Extracted data entries:
####################
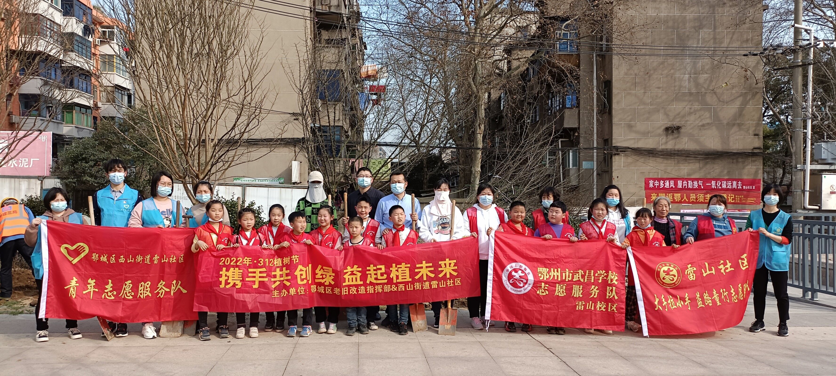 春回大地催新绿,植树造林正当时。为增强辖区居民的环保意识,传播环保理念,发扬志愿者精神,3月10日,植树节来临之际,雷山社区链接鄂城区老旧改造指挥部资源,携手西山派出所、党旗领航志愿服务队、红十字会志愿服务队、青年志愿者服务队、大手小手益路同行志愿服务队共同开展了一场“携手共创绿 益起植未来”植树活动。
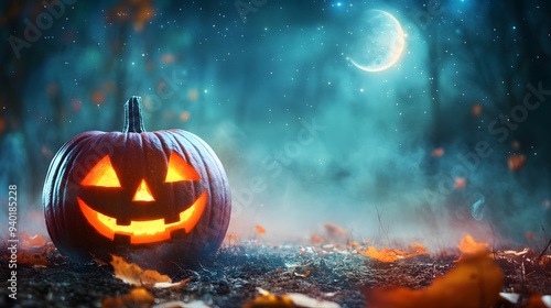 © Jane, Fototapeta premium Cheerful Grinning Jack-o'-Lantern on Earthen Patch, Twinkling Starry Sky, Distant Hauntingly Beautiful Moon, Expansive Negative Space
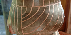 Descripción: En esta magnífica obra elaborada al modo pre incaico por la artista residente samaipateña, nacida en Trenquelauquen Argentina, María Lis Moro nos trae a la vida un trabajo único con un acabado extremadamente fino, horas de bruñido a mano y joyería en alpaca con reconstituido de Turmalina negra. Los motivos escalonados del traje, pintado con engobe que son oxidos naturales, hacen referencia a la cosmovisión andina, la cruz de la chacana. Precio: 2200 Bs. Envío a Santa Cruz*: 20 Bs. Envío dentro de Santa Cruz: a cotizar Tiempo estimado: 1 día CÓDIGO: PD-04 Pedidos: WhatsApp +591 67796535
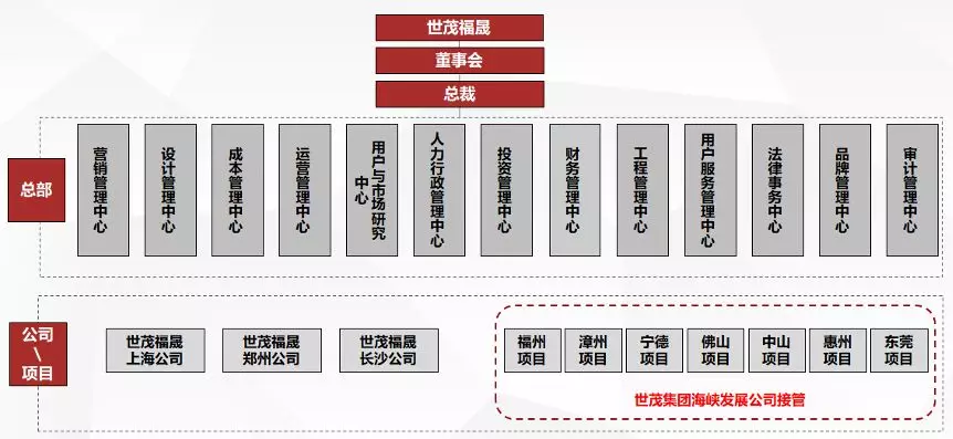 世茂在对福晟原有高管大换血的同时,还对福晟组织架构进行了大刀阔斧的重建。3月开始,原福建福晟总部更名为世茂福晟总部,世茂福晟上海公司、郑州公司、长沙公司也进行了重组,原福建福晟的多个区域包括福州、广州、惠州、漳州等被直接接管。
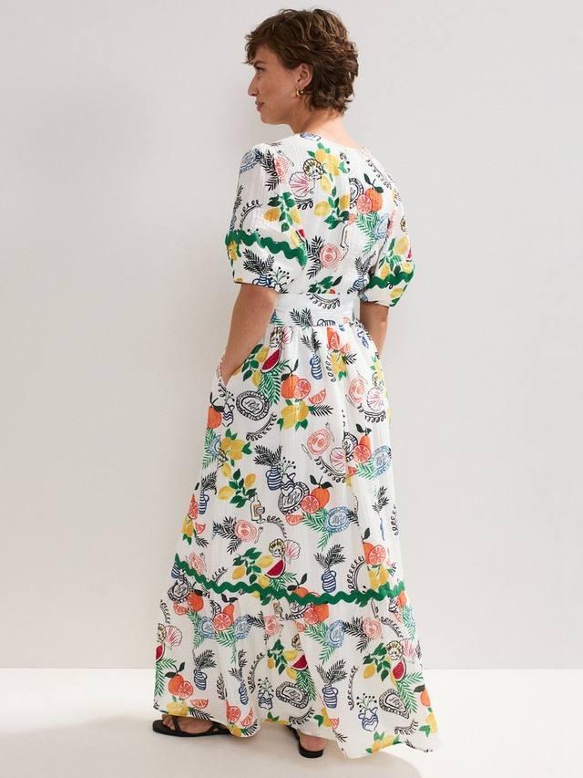 Представляем платье Rochella, украшенное принтом в сицилийском стиле, который гарантированно привлечёт внимание. Женственные рукава-фонарики придают макси-силуэту лёгкий объём, а отделка в виде бисера добавляет современный штрих. В сочетании с вашими любимыми сандалиями эта модель создаст непринуждённый и шикарный образ для летнего отдыха.
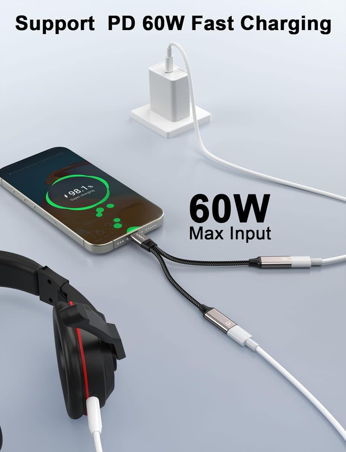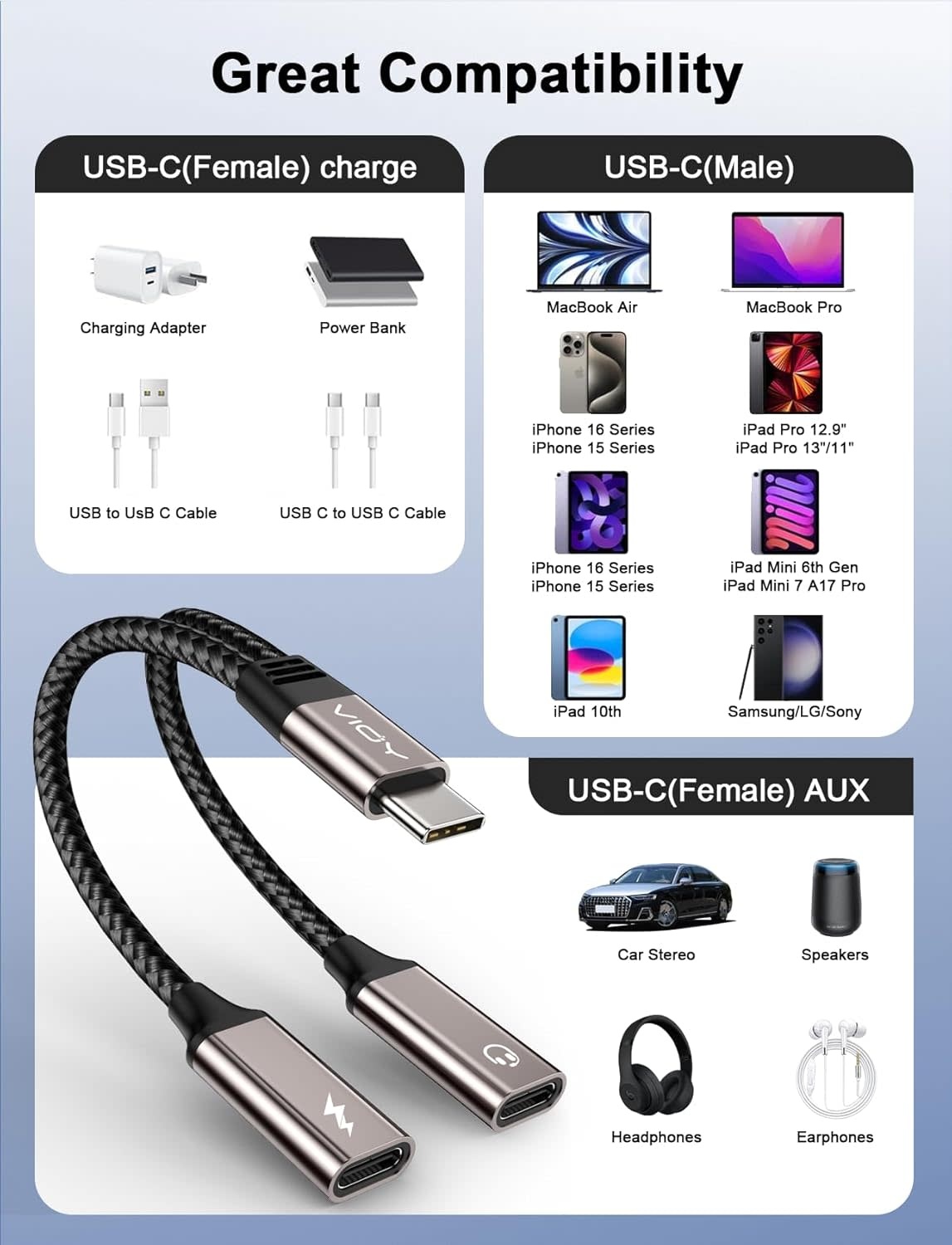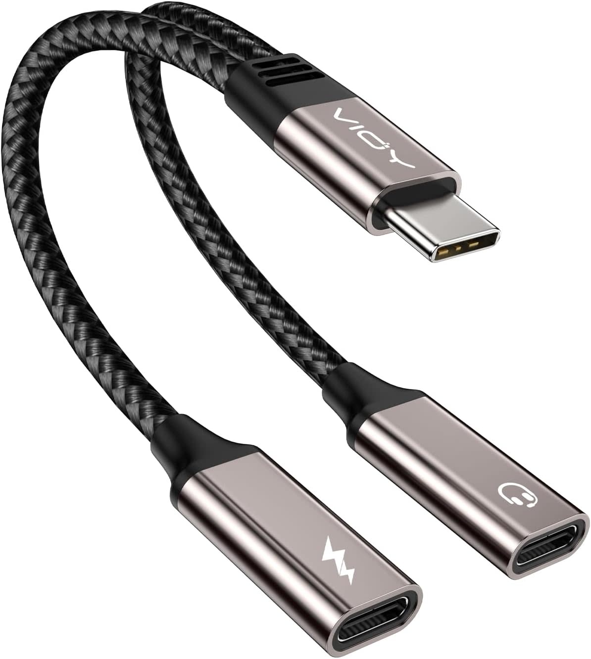 TC06 - VIOY USB-C Splitter 1 in 2 Out, Dual USB-C Headphone and Charger Adapter with PD 60W Fast Charging and Data Transfer for iPhone 16/15 Pro, iPad Pro, Samsung Galaxy S22 S21 S20, Pixel
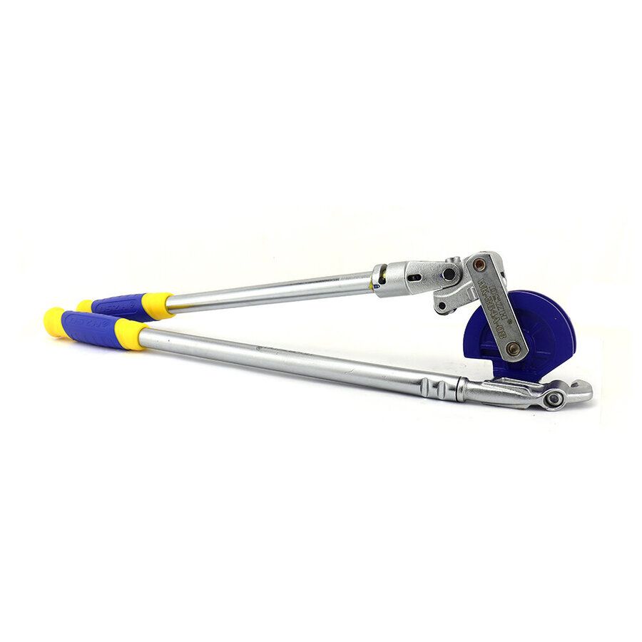 Высокопрочный алюминиевый сплав, используемый при изготовлении трубогиба, при небольшом весе обеспечивает большой срок службы, повышает качество работы, а широкие ручки с противоскользящими накладками делают её безопаснее.
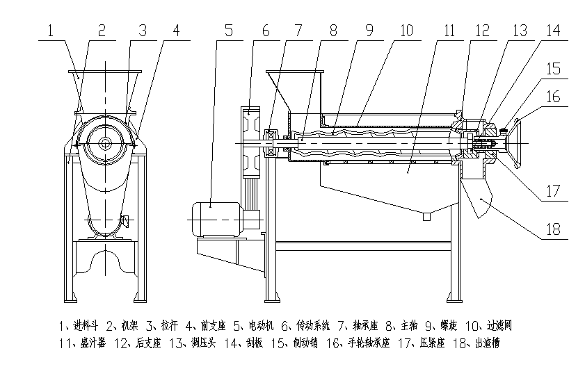 ★ 由前支座、進(jìn)料斗、螺旋、過濾網(wǎng)、盛汁器、后支座、出渣槽等組成,螺旋主軸左端支撐于滾動(dòng)軸承座內(nèi),右端支撐于手輪軸承座內(nèi),電機(jī)通過一對(duì)三角皮帶驅(qū)動(dòng)螺旋進(jìn)行工作。
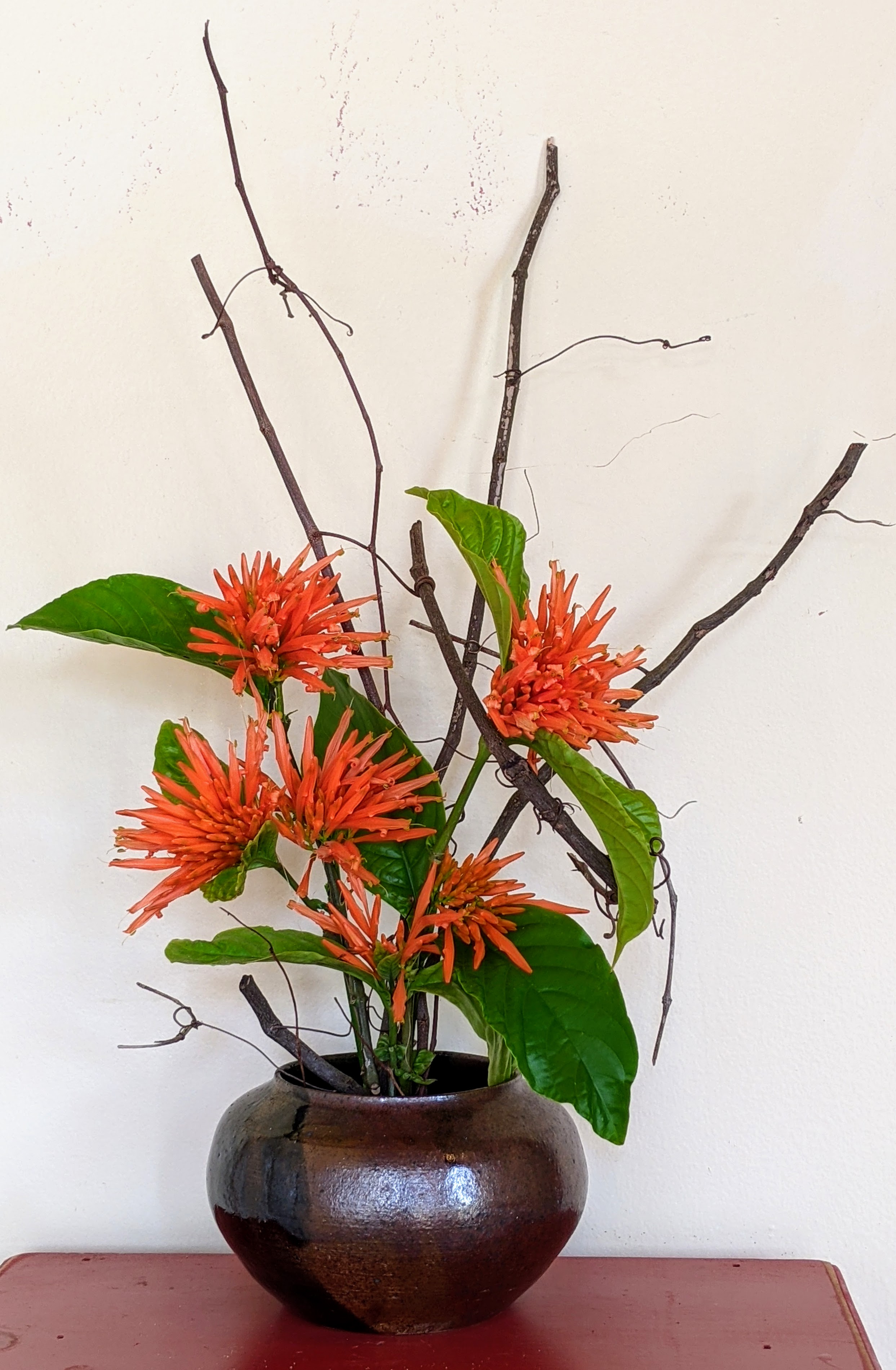 This week I decided to try creating a spare design with a Japanese feel. I also wanted to use some grapevine. I thought the brown pottery vase would give the arrangement some weight and tie the brown grapevine together with the limited plant palette. Limited may be an understatement. This arrangement has two plants!
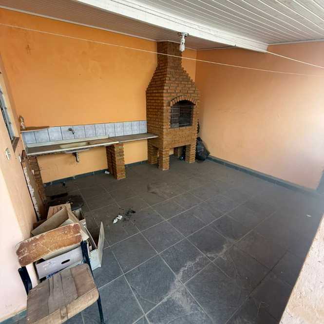 A casa possui 2 dormitórios, sala, cozinha, banheiro social, área de serviço, área de churrasqueira com banheiro, quintal e garagem coberta.
####################
ASSIGNMENT: Exact copy, pictures excluded: every line above from the one containing "Представляем платье Rochella, украшенное" to the one containing "This week I", inclusive, and nothing more.

ANSWER BOX:
 Представляем платье Rochella, украшенное принтом в сицилийском стиле, который гарантированно привлечёт внимание. Женственные рукава-фонарики придают макси-силуэту лёгкий объём, а отделка в виде бисера добавляет современный штрих. В сочетании с вашими любимыми сандалиями эта модель создаст непринуждённый и шикарный образ для летнего отдыха.
 TC06 - VIOY USB-C Splitter 1 in 2 Out, Dual USB-C Headphone and Charger Adapter with PD 60W Fast Charging and Data Transfer for iPhone 16/15 Pro, iPad Pro, Samsung Galaxy S22 S21 S20, Pixel
 Высокопрочный алюминиевый сплав, используемый при изготовлении трубогиба, при небольшом весе обеспечивает большой срок службы, повышает качество работы, а широкие ручки с противоскользящими накладками делают её безопаснее.
 ★ 由前支座、進(jìn)料斗、螺旋、過濾網(wǎng)、盛汁器、后支座、出渣槽等組成,螺旋主軸左端支撐于滾動(dòng)軸承座內(nèi),右端支撐于手輪軸承座內(nèi),電機(jī)通過一對(duì)三角皮帶驅(qū)動(dòng)螺旋進(jìn)行工作。
 This week I decided to try creating a spare design with a Japanese feel. I also wanted to use some grapevine. I thought the brown pottery vase would give the arrangement some weight and tie the brown grapevine together with the limited plant palette. Limited may be an understatement. This arrangement has two plants!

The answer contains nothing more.